We have to highlight the important point about graphs: their flexibility and complicated structures. For example, different nodes may differ significantly in the number of neighbors they have. This makes it difficult to use graphs as input for neural networks, which do a pretty good job with tabular or at least some fixed structured data.

Source: frontiersin.org

Check serokell.io/blog  to familiarize yourself with deep learning and NNs methodologies.

Let’s move on to the topic of this article – machine learning on graphs.

Imagine that each node has its feature vector, some label, and we are trying to predict this label based only on the graph topology and feature vectors. Sometimes we perform regression, classification, or parameter tuning on the graph, but with all of that, we are trying to predict its label.

But before studying graph machine learning, let’s discuss the methods that were used before. These methods are usually difficult to compute, they require their own Laplace base. This problem was later solved by Michael Defferard. However, since the correct base of the Laplacian strongly depends on the graph structure, it is difficult to apply the trained model to a different graph.

Source: towardsdatascience.com

Spatial methods work and define convolutions directly on the chart. In principle, these methods can be as follows:

  1. Create a representation of feature vectors. This can be done by multiplying them with some weight matrix.
  2. Combine representations over a subset of nodes, which are different for every individual node.
  3. The feature vector of each node is updated using the combination from the previous stage.

In GraphSAGE, node representations are updated by aggregating feature vectors of a sampled fixed size neighborhood of each node. This combination can be, for example, just an average value.

We missed, on purpose, some important things, so we recommend reading more on the topic if you want to go deeper.

Let’s summarize everything we have at the moment:

  1. We have some graphs, each node has a feature vector, and our goal is to predict the labels of each node.
  2. We can use some complex mathematical approaches that are difficult to calculate or that cannot be retranslated to graphs with a different structure.
  3. We can generalize the convolution and apply it directly to graphs.
  4. However, our generalization is limited. We know how to create vector representations of objects for each node and to update them using aggregation over some neighborhoods, but we can’t find the optimal aggregation function yet.
Source: github.com

Graphic Attention Network

An attention-based architecture is used to classify data nodes structured by the graph. Nowadays, attention patterns are everywhere, but that wasn’t quite the case in 2018. The best thing about attention-based models is that they can work with variable-sized input data and focus on the most significant parts.

The main idea is to allow attention layers to study coefficients for aggregating neighbors.
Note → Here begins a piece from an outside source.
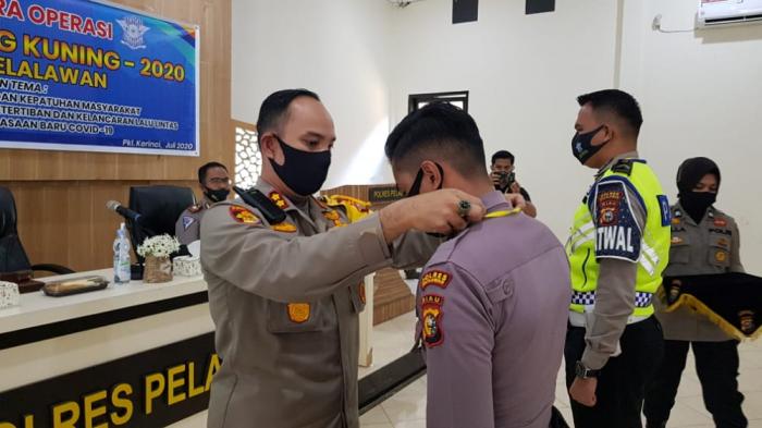 Kapolres Pelalawan AKBP Indra Wijatmiko SIK melalui kasat lantas AKP Teguh Wiyono SH MH memerintahkan kepada seluruh personil operasi untuk tetap menjaga kesehatan dan mematuhi protokol kesehatan dimasa adaptasi kebiasaan Baru selama pelaksanaan operasi patuh Lancang kuning 2020.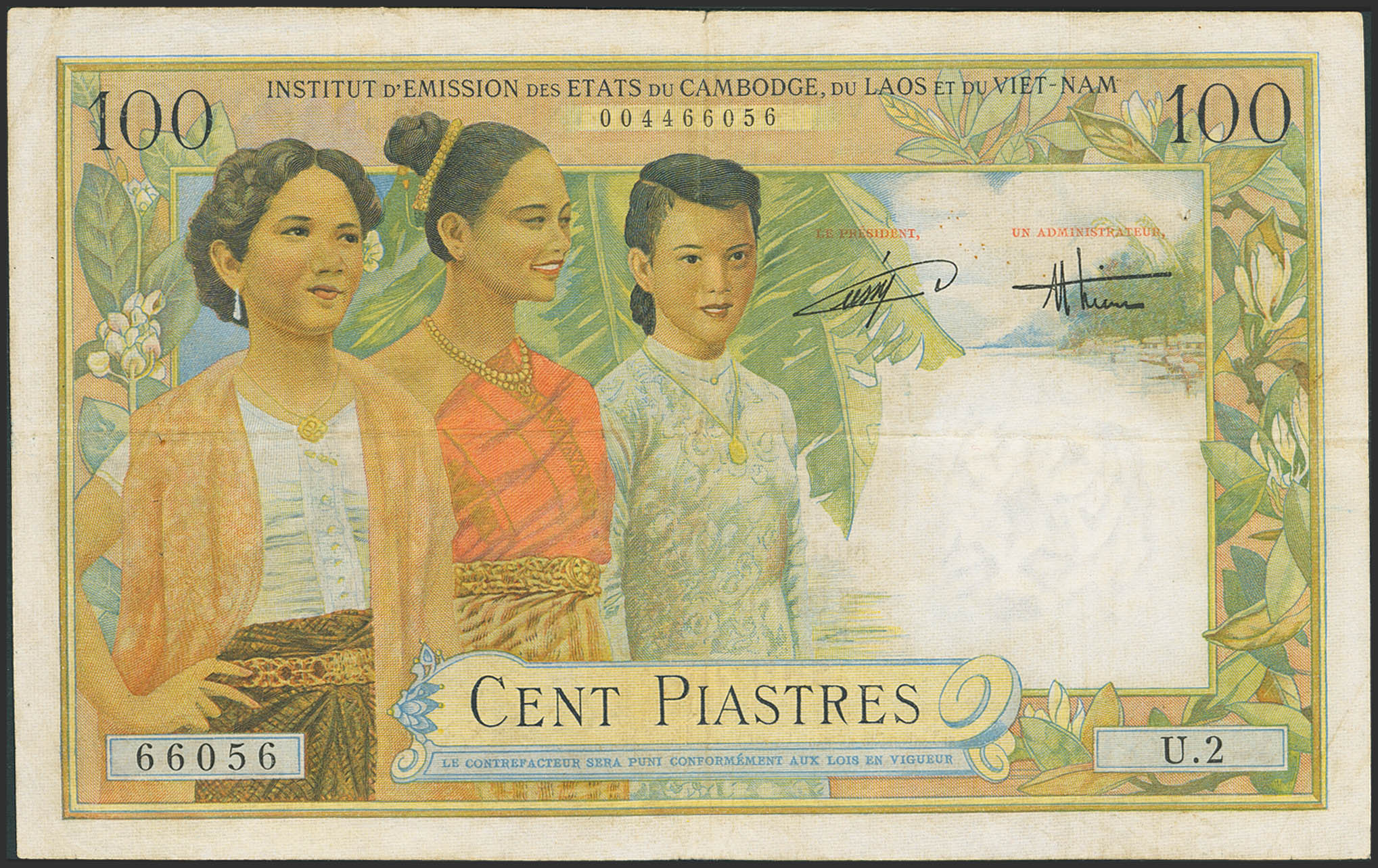 FRENCH INDOCHINA. 100 Piastres. (1954ca). Institut d'Emission des Etats du Cambodge, du Laos et du Vietnam. Vietnam. (Pick: 108). More than Very Fine.

Thus, we update the representation of each node with a weighted sum of neighbor representations, and attention is responsible for assigning these weights, which allows us to pay more attention to more important nodes.
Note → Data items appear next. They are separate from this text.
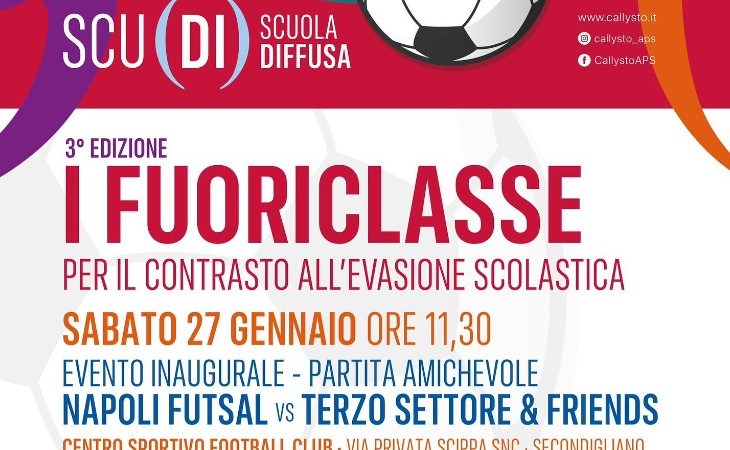 Si terrà sabato 27 gennaio a partire dalle ore 11.30 l’evento inaugurale della terza edizione del progetto “I fuoriclasse di Napoli”: il progetto punta a contrastare l’evasione scolastica attraverso l’organizzazione di attività e corsi indirizzati a giovani del quartiere e non solo che si trovano più a rischio di abbandono scolastico.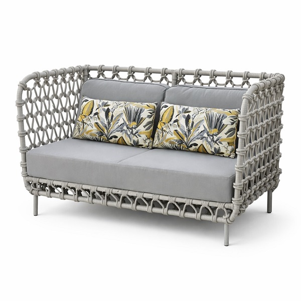 Алюминиевый каркас с плотным блестящим порошковым покрытием, инновационная техника плетения веревкой и мягкие подушки из уличного текстиля, украсят любое открытое пространство или жилое помещение. Можно использовать как уличную мебель круглый год.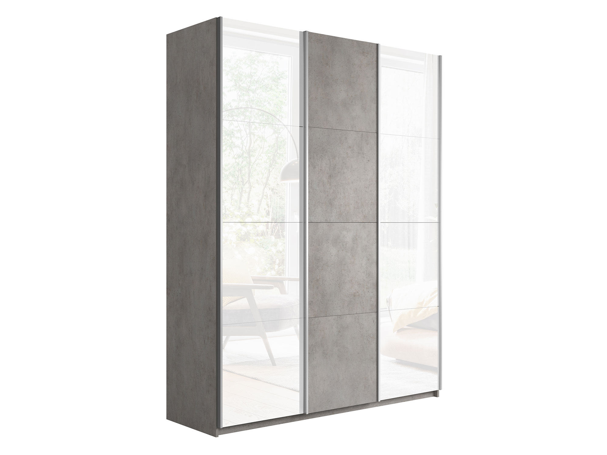 - Шкаф-купе Прайм 3-х дверный 2100 два Стекла Белые/ДСП Бетон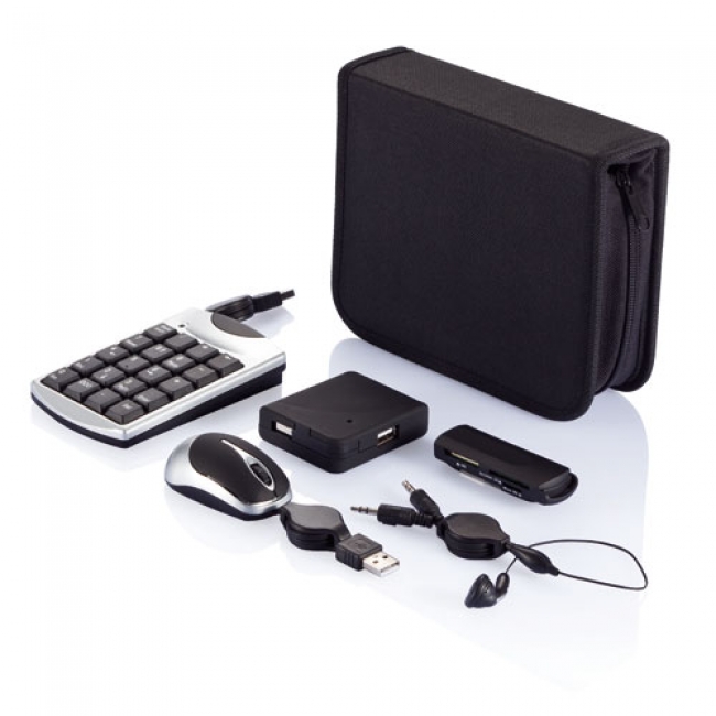 Saculet negru cu fermoar din poliester 600D cu compartiment pentru CDuri in fata. Contine : mini casca si microfon, mini hub USB cu 4 porturi (USB 2.0), mini mouse negru cauciucat, 800 dpi, mini tastatura cu linie extensibila si cititor multi-card compatibil SDHC.

This algorithm can be tested on several different data sets:

  • The Cora dataset consists of 2,708 publications assigned to one of seven classes. In the citation network, there are 5429 references. The dictionary consists of 1433 unique words.
  • The CiteSeer dataset consists of 3312 publications assigned to one of six classes. In the citation network, there are 4732 references. The dictionary consists of 3703 unique words.
  • The PubMed dataset consists of around 19000 scientific publications from the PubMed database related to diabetes and is assigned to one of three classes. The citation network consists of 44338 references. Each publication in the dataset is described by a weighted TF/IDF vector of words from a dictionary, consisting of 500 unique words.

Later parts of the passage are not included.